Two – Of course he did… first he heals some dozy bird and annoys the Philippi mafia, then he sings songs to God whilst in prison, then he refuses to escape, then he stops the enemy from killing himself! What’s wrong with the fool! Nobody can be that good! (Bitterly) Bet, he has perfect white teeth too! So, what happened next?
One – Well, like the rest of us, the jailer was kind of freaked out. But he figured that following Paul and Silas’ God was probably a good idea, so he asked them what he needed to do, to be saved. They told him, ‘Believe in the Lord Jesus Christ and you will be saved.” So he did, and he was!
Two – Just like that?! Accept Jesus, say sorry and get a free ticket to paradise! I’m sorry, I just don’t buy it!
One – You don’t need to… as you said, it’s a free gift, you just have to accept it.
Two – Whatever! Carry on
One – There’s not much more to tell, the jailer took Paul and Silas to his home. They baptised him and his family and his wife cooked them a meal.
Two – Now I get it! They get a free meal and a nice bed then disappear leaving you lot to rot here! Very clever
One – They came back!
Two – They what?!
One – Sure, they were here the next morning when the magistrate ordered their release, but Paul was not going to leave quietly.

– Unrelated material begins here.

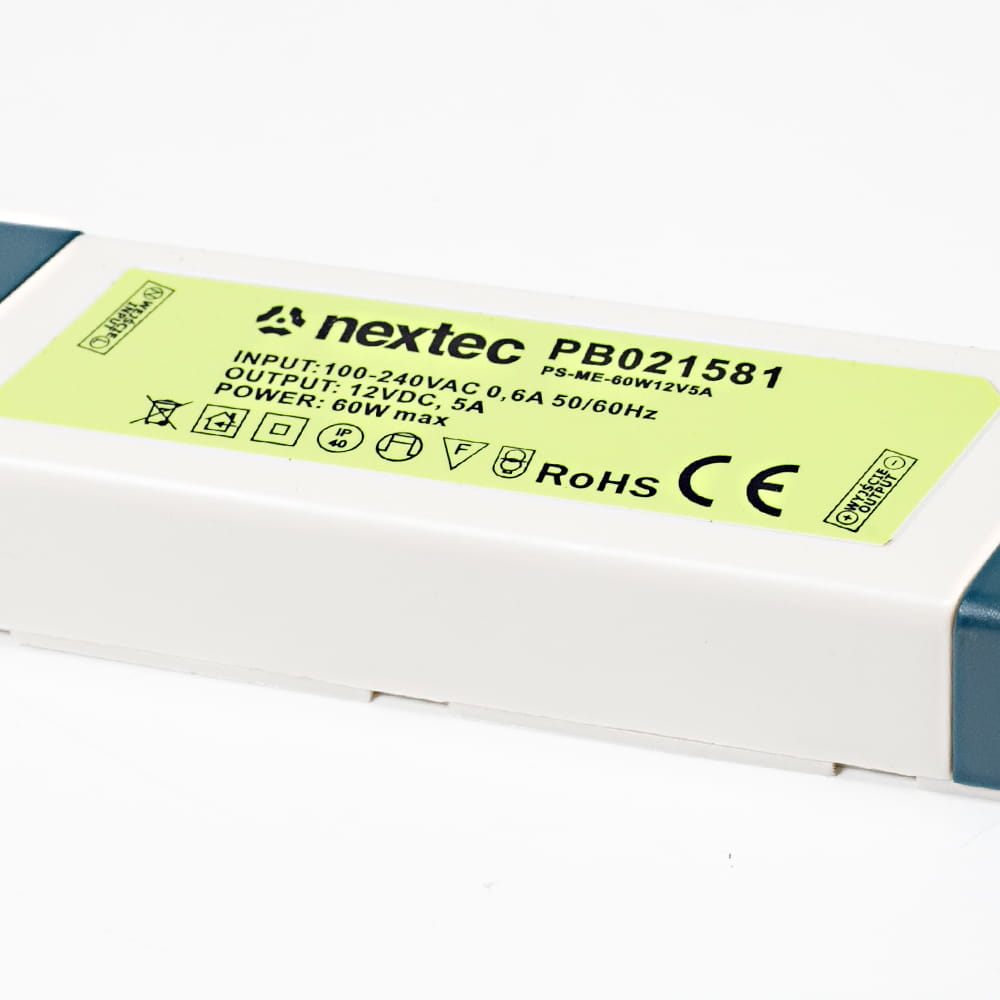 Montażowy zasilacz Economy 12V o mocy 60 W marki Nextec. Wysokiej jakości zasilacz uniwersalny zaprojektowany z myślą o stabilnym zasilaniu i długiej żywotności. Jedną z jego kluczowych cech jest stopień ochrony IP40, który zabezpiecza go przed dostaniem się do środka obiektów o średnicy większej niż 1mm. Funkcje i zalety: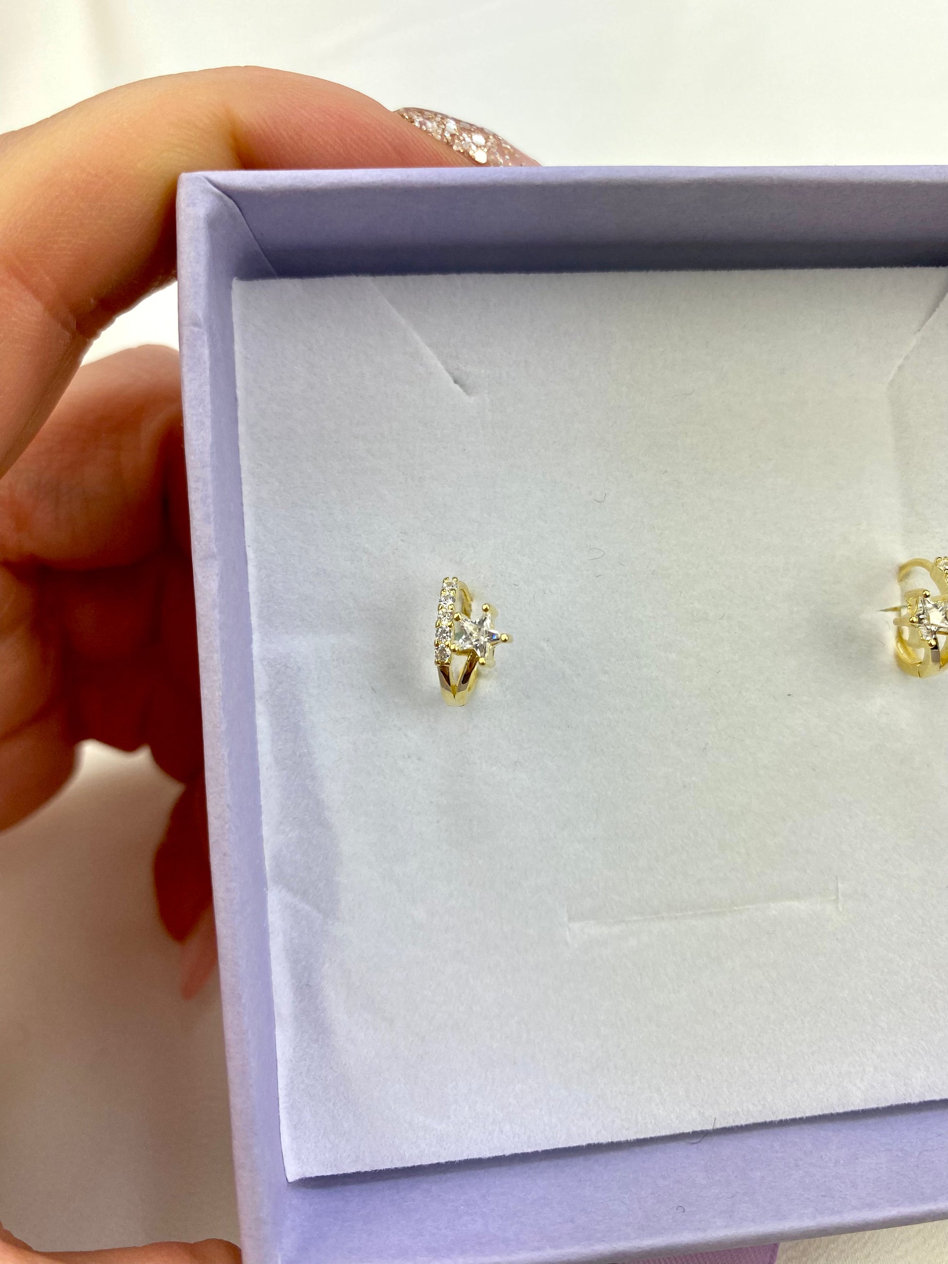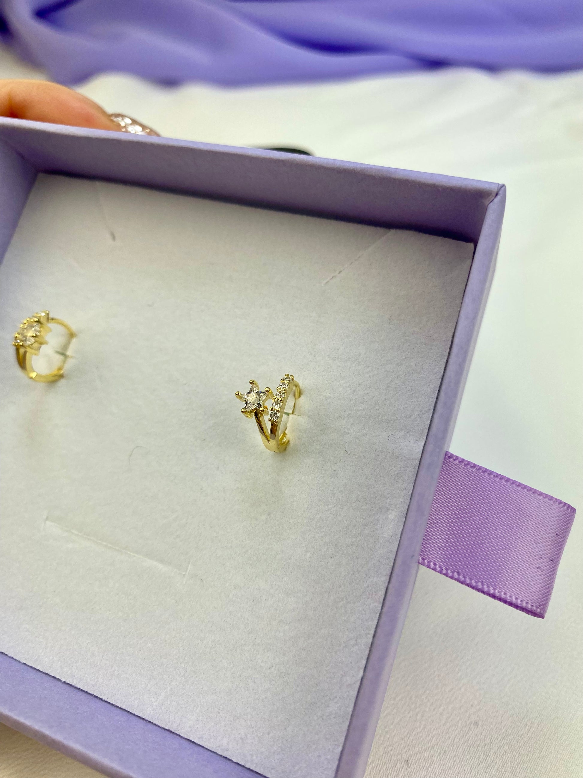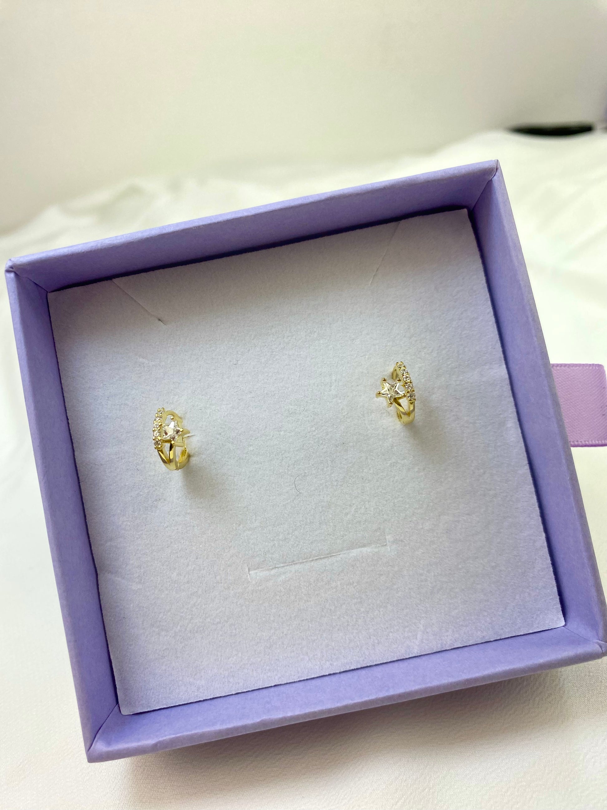 Orecchini a cerchietto con zirconi incastonati e decorato da uno zircone bianco a forma di stella super luminoso. Sono in argento 925 placcato oro. Fanno parte della collezione Goodnight e sono l'accessorio perfetto per celebrare i sogni che si avverano!

Two – Why am I not surprised?
One – You see, Paul and Silas are Roman citizens and the Roman authorities would not be happy to find out that they had been beaten and imprisoned without a trial. Paul made the magistrate come down to this squalor and escort Paul and Silas out of here! Excellent!
Two – So what the point of this little episode? To show that if you’re on God’s side you are free whatever your circumstances?
One – Now you’re learning. It also shows that God has the power to break anything that has a hold over his people – he can set you free from anything that is holding you back from living the maxed-out life he has planned for you… By the way, you better hope Paul doesn’t go to Athens.
Two – Why not?
One – If I know Paul, he’ll use your ‘unknown god’ to tell people about his God. When they realise that this is the One and Only True God, your business will be ruined!
Two – (Panicking) I’ve got to get out of here… now!
One – You could always try singing a hymn!
Two – I only know ‘Cwm by i’ar’! (Kum by ya)
One – In that case, my friend, have a seat… you could be here a long time!